LLM (`adapters/base/llm.py`)

class LLMAdapter:
    def complete(self, prompt: str, capability: str, context: dict) -> str
    def resolve_model(self, capability: str) -> str
    # capability: "reasoning-heavy" | "capable" | "fast-cheap"

VCS (`adapters/base/vcs.py`)

class VCSAdapter:
    def create_branch(self, name: str) -> None
    def commit(self, files: list[str], message: str) -> str       # returns commit sha
    def create_pr(self, title: str, body: str, head: str, base: str) -> str  # returns pr url
    def get_pr_status(self, pr_id: str) -> str                    # open | merged | closed

Notify (`adapters/base/notify.py`)

class NotifyAdapter:
    def send(self, message: str, context: dict) -> None

Runtime (`adapters/base/runtime.py`)

class RuntimeAdapter:
    def spawn(self, task: str, capability: str, context: dict) -> str  # returns agent_id
    def get_result(self, agent_id: str, timeout_s: int) -> dict
    def kill(self, agent_id: str) -> None

# Two implementations:
#   openclaw.py    — general purpose, uses sessions_spawn, suits T1/T2/T3
#   claude_code.py — coding-specialized, has file/git/exec tools, suits T4/T5
#
# The runner selects runtime based on brief.preferred_runtime:
#   "standard"      → openclaw.py (default)
#   "coding_agent"  → claude_code.py (falls back to standard if unavailable)
#
# Both implementations inject brief.agent_personality as the system prompt
# when spawning, if present.
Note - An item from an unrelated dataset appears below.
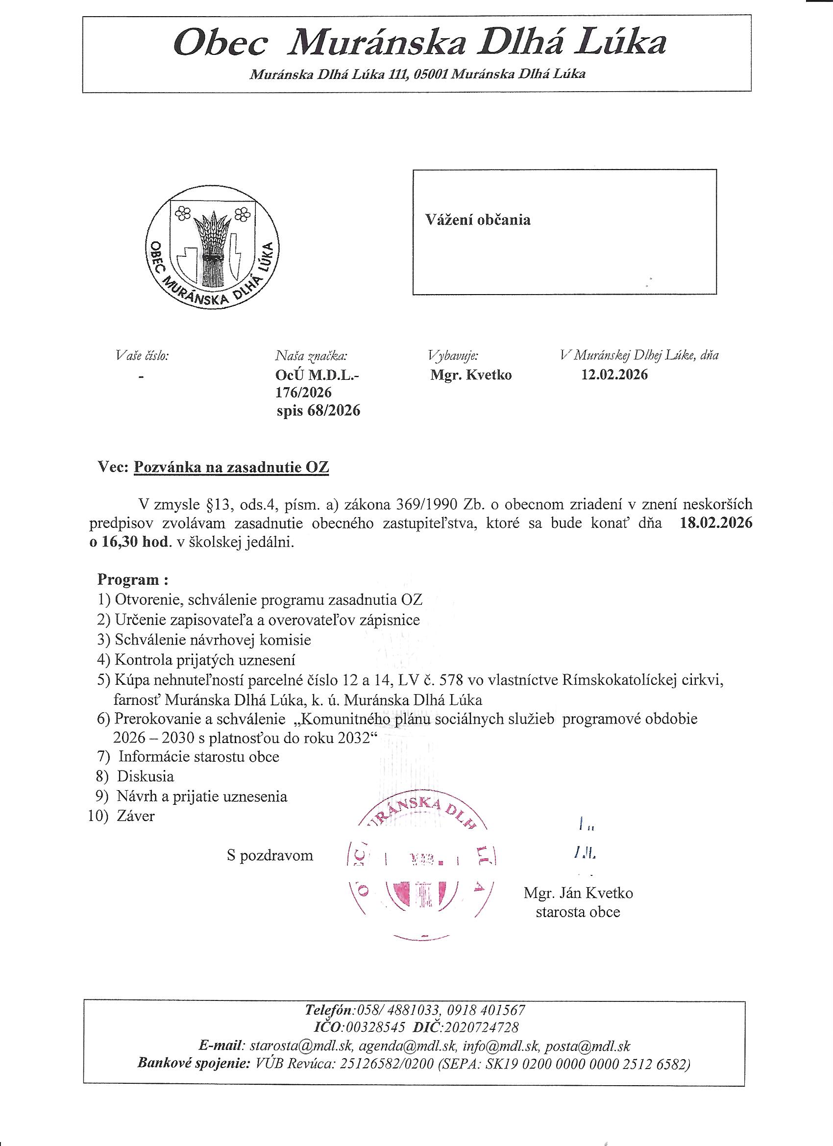 Pozvánka na zasadnutie obecného zastupiteľstva dňa 18.2.2026

Falls back to generic tier prompt otherwise.
# claude_code.py passes the agent file via --system-prompt flag natively
# (agency-agents was designed for Claude Code's agents/ directory).
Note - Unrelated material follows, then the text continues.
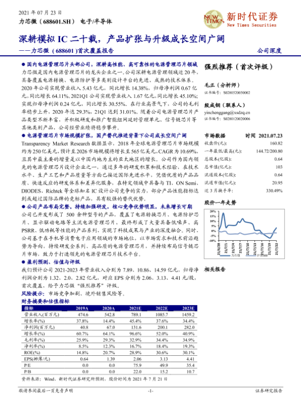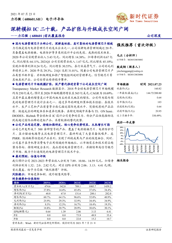【新时代证券】【20210723】20210723-新时代证券-力芯微-688601.SH-首次覆盖报告:深耕模拟IC二十载,产品扩张与升级成长空间广阔-43页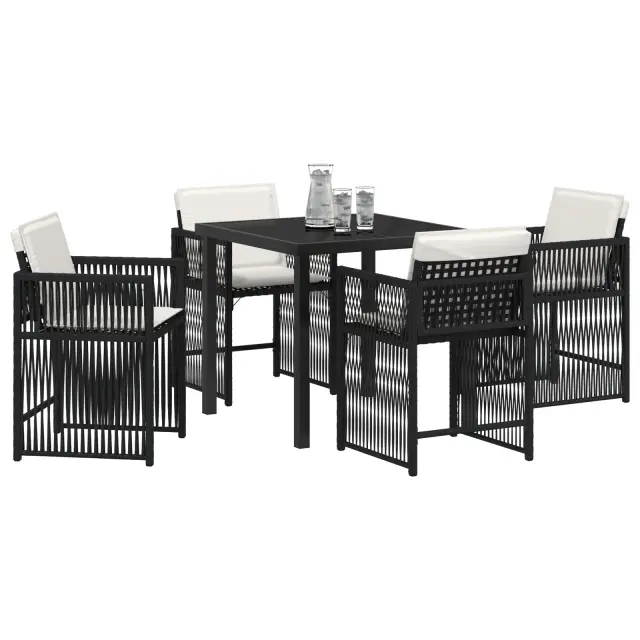 Ta vrtna jedilna garnitura je super kombinacija sloga in uporabnosti za zunanje obroke in ležerno lenarjenje. Ima štiri stilsko oblikovane stole in močno jedilno mizo, kar ni samo za hrano, ampak tudi za druženje s prijatelji in družino.

Run Config (`config/team.yaml`)

run:
  goal: "Build webhook ingestion system with retry logic and DLQ"
  repo: "git@github.com:org/repo.git"
  base_branch: "main"

adapters:
  llm: anthropic
  vcs: github
  notify: openclaw
  runtime: openclaw

models:
  provider: anthropic          # default provider
  capability_map:
    reasoning-heavy:
      anthropic: claude-opus-4-6
      openai: o3
    capable:
      anthropic: claude-sonnet-4-6
      openai: gpt-4o
      ollama: llama3.1:70b
    fast-cheap:
      anthropic: claude-haiku-3-5
      openai: gpt-4o-mini
      ollama: llama3.2

  # optional: override provider per tier
  tier_overrides:
    t1: { provider: openai, capability: reasoning-heavy }
    t4: { provider: ollama, capability: fast-cheap }

runtime:
  default: openclaw
  coding_agent: claude_code     # used for T4/T5 when available; omit to disable
  native_teams: false           # Claude Code's experimental agent teams — opt-in only
                                # when true: T3 hands full workstream to Claude Code,
                                # which fans out internally. faster but less blackboard
                                # visibility. default: false (explicit T4 spawning)
  # tier_runtime_map (optional overrides):
  #   t1: standard
  #   t2: standard
  #   t3: standard
  #   t4: coding_agent
  #   t5: coding_agent

retry_defaults:
  bad_output: 3
  partial: 2
  blocked: 0    # always escalate immediately

visibility:
  strict_mode: false          # true = all gates on (recommended for first runs)
  log_level: normal           # normal | verbose (verbose = per-T4 start/done lines)
  inspection_gates:
    t1_plan: true             # always — required by design
    t2_lead: false            # optional — review boundaries before specialists spawn
    t2_synthesis: true        # recommended — review architecture before implementation
    t3_plan: false            # verbose — useful early on, disable once T3 is trusted
    t5_verdict: false         # review T5 joint verdict before T3 marks workstream done
  gate_timeout_minutes: 60    # auto-reject if no human response within this window

t3_mesh_timeout_minutes: 10   # max time for T3s to commit task lists before runner escalates

Role Registry (`config/role_registry.yaml`)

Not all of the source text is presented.